The main method of gain stabilization in this situation consists of using a radioactive source, the characteristic gamma-ray ray of which is used as a reference signal to stabilize the gain. This has the advantage that the gain of the entire system, including the preamplifier and ADC can be kept constant. However, in many applications the extra signal from the stabilization source is adding significantly to the background and therefore impeding the measurement of interest. This can be alleviated by using a gamma-ray source with a gamma-energy which is outside of the range of interest and/or by using various coincidence techniques. In the case of a neutron induced gamma-spectrum, the count rates in the gamma-spectrum are very high. At the present, this necessitates the use of a strong gamma-source for gain stabilization.
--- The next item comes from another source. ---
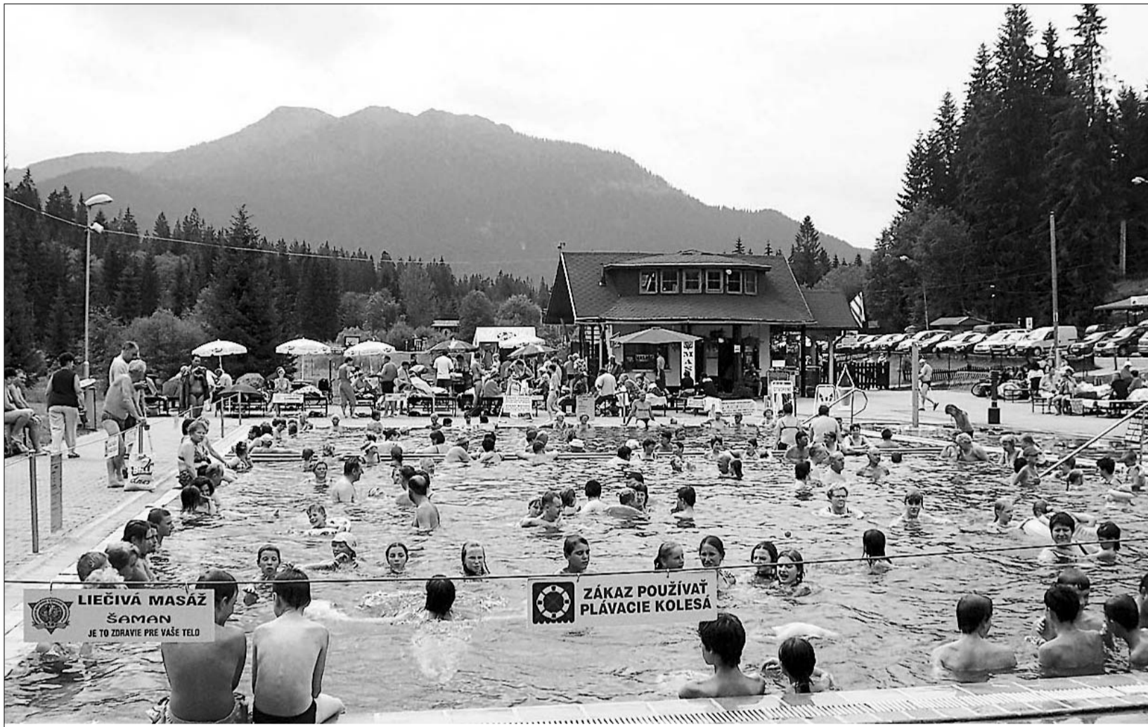
Baseny wypełnione są wysokozmineralizowaną wodą, która zawiera związki wielu życiodajnych pierwiastków, w tym znaczne ilości magnezu.

Rodzinny wyjazd do naszych południowych sąsiadów – Słowacji – można z powodzeniem nazwać wyprawą po zdrowie. Ogromna ilość wód mineralnych i naturalnych kąpielisk czynią ten kraj rajem dla żądnych kąpiei i zabaw w wodzie miłośników leniuchowania.

This source however can be detrimental to parts of the measurements for which the count rate of interest is much lower. For example, the precision of the measurement of the formation capture cross section is strongly affected by a large number of background counts.
Although current methods of gain stabilization exist, there remains a need for a method which in the presence of a sufficiently high gamma-ray flux allows stabilization without the use of a strong calibration source or with no calibration source at all.